LA VRAIE VIE EST-ELLE AILLEURS ?

On connaît la sentence énoncée jadis par Arthur Rimbaud :
« La vraie vie est absente. Nous ne sommes pas au monde ».
Un cri de déception dans un monde marqué par la misère spirituelle du temps, en ce XIXème siècle d’essor industriel, de déracinement paysan, de bigoterie officielle et de répression. Répression des poètes – on se souvient de la condamnation des Fleurs du Mal - , répression de la Commune de Paris et du mouvement ouvrier, dictature de Louis-Napoléon Bonaparte, exil de Victor Hugo… Sombre époque, dira t'on.
Certes, mais la nôtre vaut elle mieux, plongée, depuis la fin des « Trente Glorieuses », dans une crise économique, écologique et sanitaire sans fin ? On peut en douter. Et même remarquer que la numérisation exacerbée du quotidien semble, de plus en plus, transformer les humains en robots. Rimbaud désespéré d’être jamais reconnu, étouffant dans un monde sans esprit, finit par renoncer et se fit – parait-il - trafiquant d’armes.
Toute vie pourtant n'est pas nécessairement une saison en enfer. Et Rimbaud lui-même, après l'avoir trouvée amère, sut apprendre à "saluer la beauté", comme Baudelaire l'avait fait avant lui dans Les fleurs du mal. Il n'y a ni arrière-monde, ni autre monde, et il faut bien convenir, la sagesse venant avec l’âge, que Spinoza avait raison quand il affirmait "par réalité et perfection, j'entends la même chose".
Résultant de l'histoire des siècles, d’inouïs rapports de force et des multiples engrenages de causalité, ce monde est le seul qui pouvait advenir, car c’est lui qui advint.

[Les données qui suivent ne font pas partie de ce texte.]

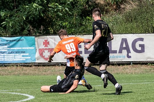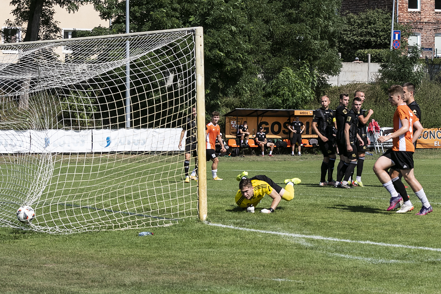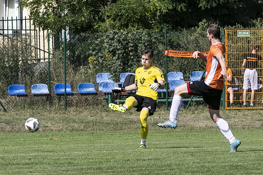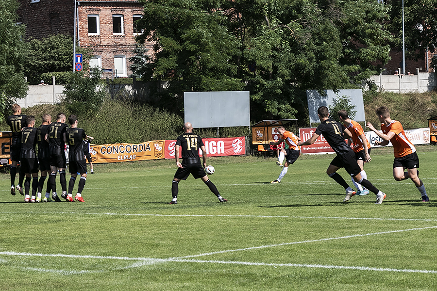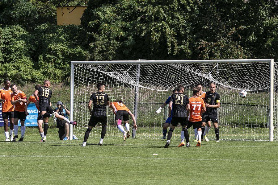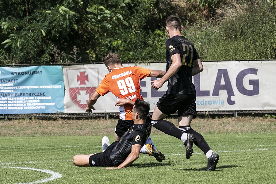 Concordia próbowała zrewanżować się gościom, ale ci ustawili szczelne zasieki i kontrolowali rywalizację. Jednak ich cały pomysł zmienił się w 25 minucie, gdy Eryk Jarzębski wybiegał w sytuacji sam na sam z bramkarzem i nieprzepisowo powstrzymywał go Kacper Szczudliński. Faul i czerwona kartka. Futbolówkę przed polem karnym postawił Łukasz Kopka i technicznym strzałem zmieścił ją przy słupku.
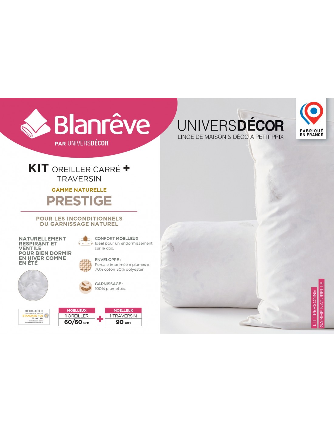 Polochon + Oreiller 60 x 60 Gamme Naturelle "Prestige" plumes véritables pour lit 90 confort moelleux.
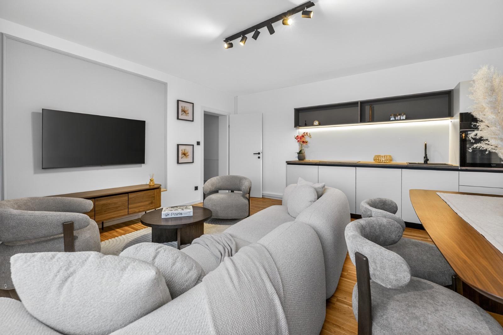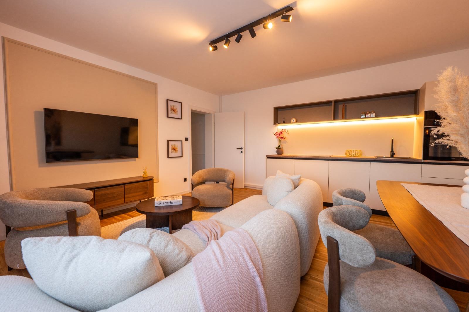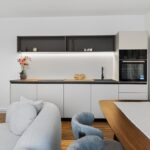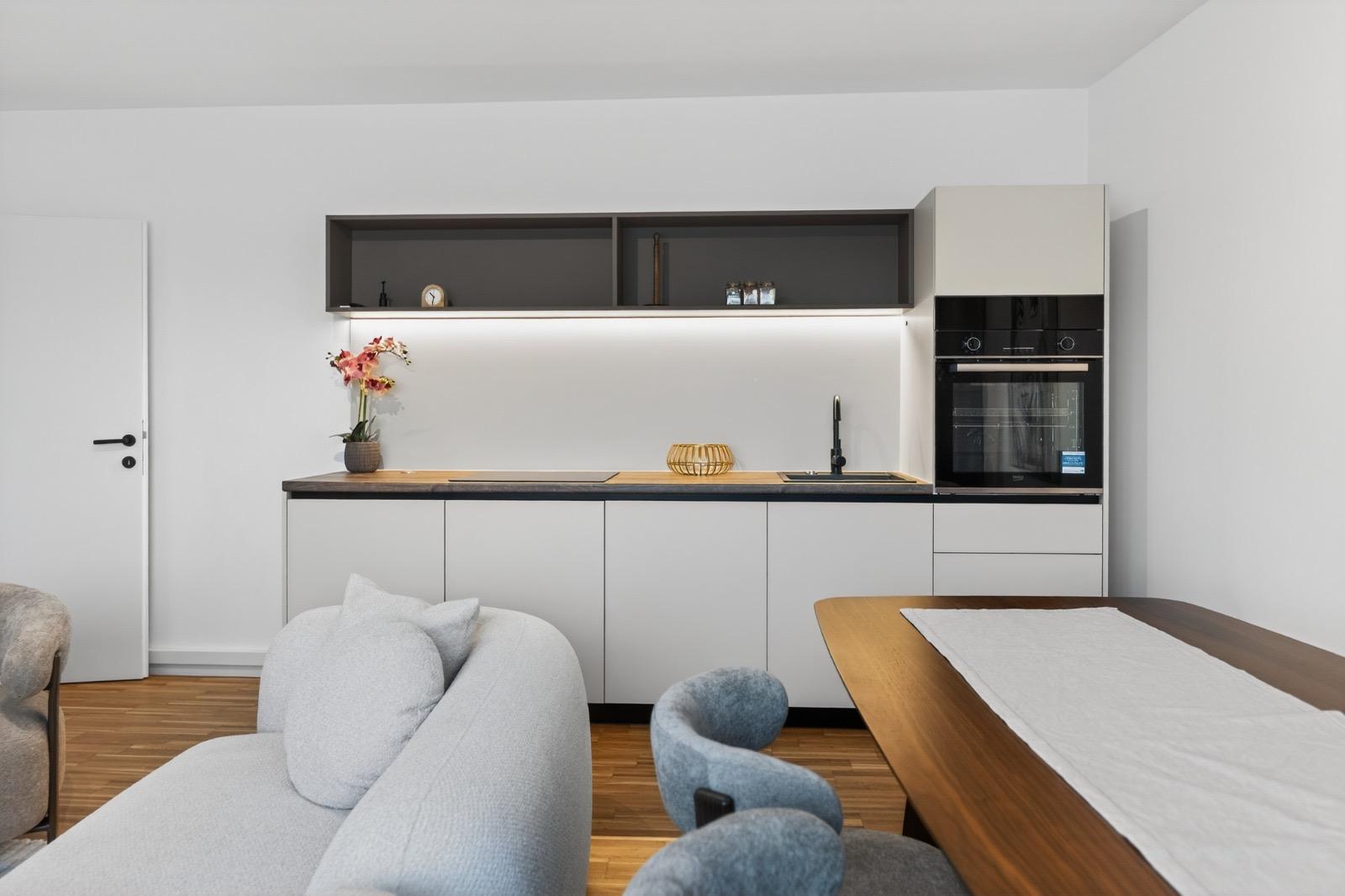 Maßgefertigte Lösungen für höchste Ansprüche In diesem Apartment war das Ziel klar definiert: Eine Symbiose aus moderner Ästhetik und maximaler Funktionalität zu schaffen. Das Herzstück der Wohneinheit ist die minimalistische Design-Küche. Hier haben wir auf klare Linien und eine dezente Farbauswahl gesetzt, die durch warme Holzakzente auf der Arbeitsplatte unterbrochen wird. Die integrierte LED-Beleuchtung unter den Oberschränken sorgt nicht nur für ein perfektes Arbeitslicht, sondern schafft am Abend eine stimmungsvolle Atmosphäre im offenen Wohnbereich.
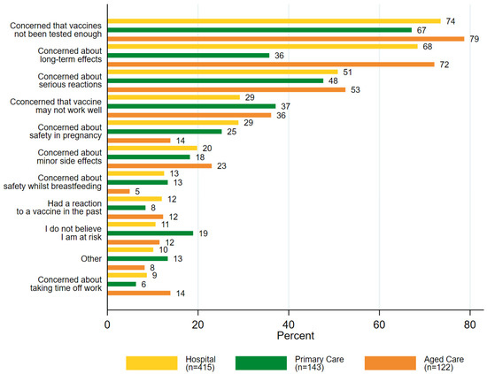 Of those HCWs who were unsure or not intending to accept a COVID-19 vaccine (n = 680), the primary concern across all settings was the belief that the vaccines have not been tested enough for safety (73%, 497/680). While concern about potential long-term effects of the vaccine was the next most common concern in hospital (68%, 284/415) and aged care settings (72%, 88/122), primary care HCWs were more concerned about serious reactions (48%, 68/143) (Figure 3 and Table S3).

La vraie vie est dans ce monde, dans le regard porté sur lui, sur sa beauté que nous pouvons déceler, conquérir, ou créer. Aimer la vie, savoir être attentif, disponible et ouvert à l’altérité, prendre confiance en soi : autant d’apprentissages véritablement fondamentaux qu’il nous revient, parents, éducateurs ou enseignant(e)s, de dispenser à nos enfants.